The present invention provides synthetic water-soluble polymers for obtaining preferred high molecular weight fractions with advantageous properties. The method provides a method for the separation of polymers, which further recycles the low molecular weight fraction to the polymerization process. It also includes.

The molecular weight of synthetic polymers depends on, for example, the monomers, the type of polymer reaction, reaction time, and temperature. It depends on several variables such as temperature. For polymers in solution, the molecular weight distribution is almost always has a curved shape. This curve will of course vary from polymer to polymer and will include more than one piston. has a network. For example, water-soluble urea-formaldehyde resins have two clearly defined It has been found that the molecular weight distribution includes specific peaks.

According to the method of the invention, preferred high molecular weight fractions of such resins can be reused. It can be separated from undesirable fractions.

The method of the invention is generally applicable to the separation of preferred high molecular weight fractions of water-soluble synthetic resins. It is Noh. However, this method is especially advantageous for water-soluble resins used in papermaking. , the following invention may apply to such resins, although it is not limited thereto.

Examples of water-soluble resins used in papermaking include urea-formaldehyde resin and melamine-formaldehyde resin. maldehyde resin and polyamidoamine-shrimp chlorohydrin. these Resins are used as wet strength agents for paper, and their effect on wet strength is highly It has been found that it can only be obtained by molecular fractionation. The low molecular weight fraction is retained on paper. It is circulated in a closed white water system. Formaldehyde-based resins have high Hot water reduces the hydrolysis of this low molecular weight fraction and the release of free phosphates that can pose environmental problems. This results in the release of lumaldehyde. Polyamidoamine-shrimp chlorohydrin resin has a higher molecular weight than formaldehyde-based resins, and the lower molecular weight fraction of this resin Painting has only a low effect on wet strength. Additionally, these resins are environmentally friendly. It contains monomer chlorination by-products which also cause problems.

When the above resin is treated by the method of the present invention, an aqueous solution of a high molecular weight polymer is obtained. It has a very good wet strength effect and is suitable for use in water and air in paper mills. of formaldehyde and other undesirable compounds.

Urea-formaldehyde resins are the primary wet strength resins, but they pose significant environmental problems. These improvements according to the present invention are particularly important as these resins are also prone to Therefore, these resins will be discussed in more detail below.

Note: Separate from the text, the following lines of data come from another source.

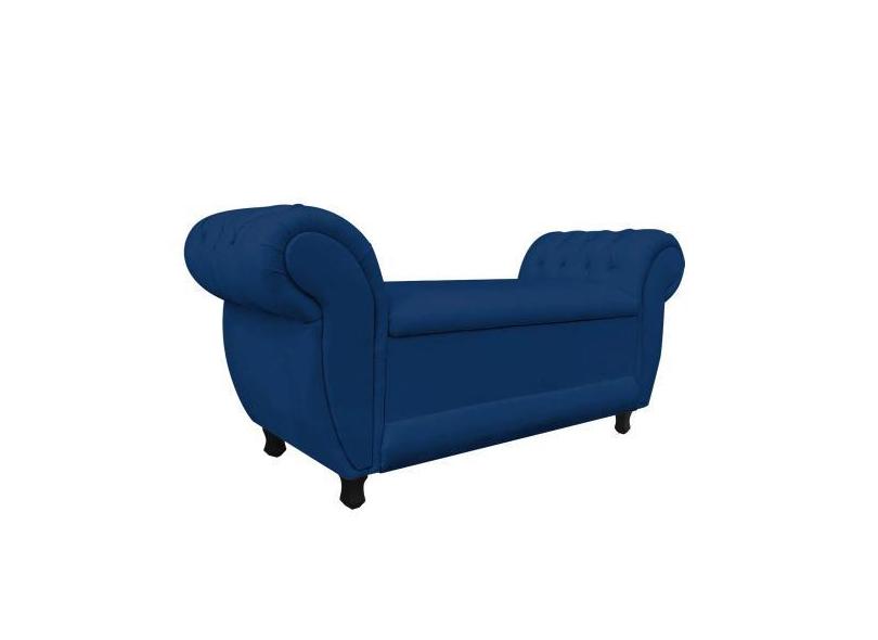 Recamier com Baú Grécia Namoradeira Calçadeira 195 cm Suede Azul Marin
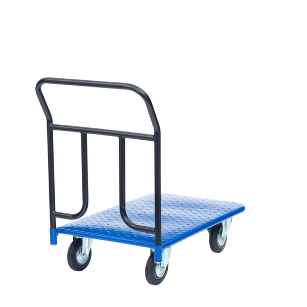 Благодаря цельному корпусу тележка очень прочна и надежна. Макс. нагрузка зависит от выбранных колесных опор. Вместительная металлическая платформа с габаритами 60х90 см идеальна для работы со среднегабаритными и крупногабаритными грузами. Съемная ручка закрепляется на основание болтами. Четырехколесная тележка КП-300 - отличный выбор для вашего склада, магазина или офиса.
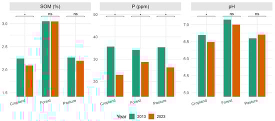 Figure 7. Temporal variation in soil organic matter (SOM), extractable phosphorus (P), and pH across different land-use categories (Cropland, Forest, and Pasture) in Córdoba province. Asterisks indicate significant differences between years (p < 0.05), while “ns” denotes non-significant differences.
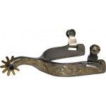 Crafted from stainless steel, this campdraft spur features elegant silver and bronze stamping along the sides, adding a touch of classic Western flair. Equipped with a durable 9-point rowel for precise, responsive cues.
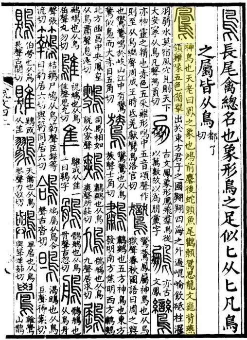 ▲东汉许慎著《说文解字》卷四鸟部记载,“凤,神鸟也”“凤之象也,鸿前麐後,蛇颈鱼尾,鹳颡鸳思(腮),龙文虎背,燕颔鸡喙,五色备举。”中国书店,1989年出版。
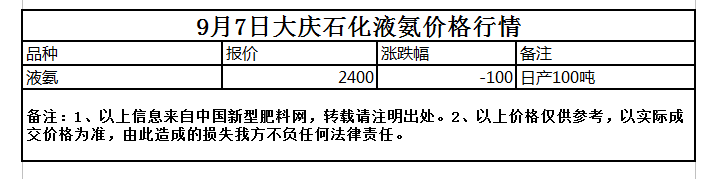 9月7日大慶石化液氨價格行情

As mentioned above, during paper manufacturing, urea-formaldehyde resin is processed by hydrolysis. Free formaldehyde is released. Additionally, the first resin used is also always free. Contains formaldehyde, which accumulates and circulates in the white water system.

All the concentrated solutions obtained by the separation according to the invention are much better compared to the starting resin. The amount of addition necessary to obtain a certain wet strength effect is small. decrease. In the concentrated solution there is more unreacted monomer (e.g. The content of formaldehyde) and low molecular weight by-products is also low, which makes it suitable for white water systems. Unsatisfactory products are doubly degraded. - As an example, the first formaldehyde resin contains 7% free formaldehyde on a resin dry weight basis, which can be reduced by the method of the present invention. A concentrated solution of the same urea-formaldehyde resin obtained by do not have. The amount of urea-formaldehyde resin usually added during papermaking is 10 per ton of paper. ~24 kg. With the concentrate of the present invention, only 6-12 kg dry weight of resin The same wet strength effect can be obtained by This means that “added free formaldehyde Cg decreases from 0.7 to 1.4) Cg to 0.24 to 0.48 kg. i.e. This means that a reduction of 80-70% occurs.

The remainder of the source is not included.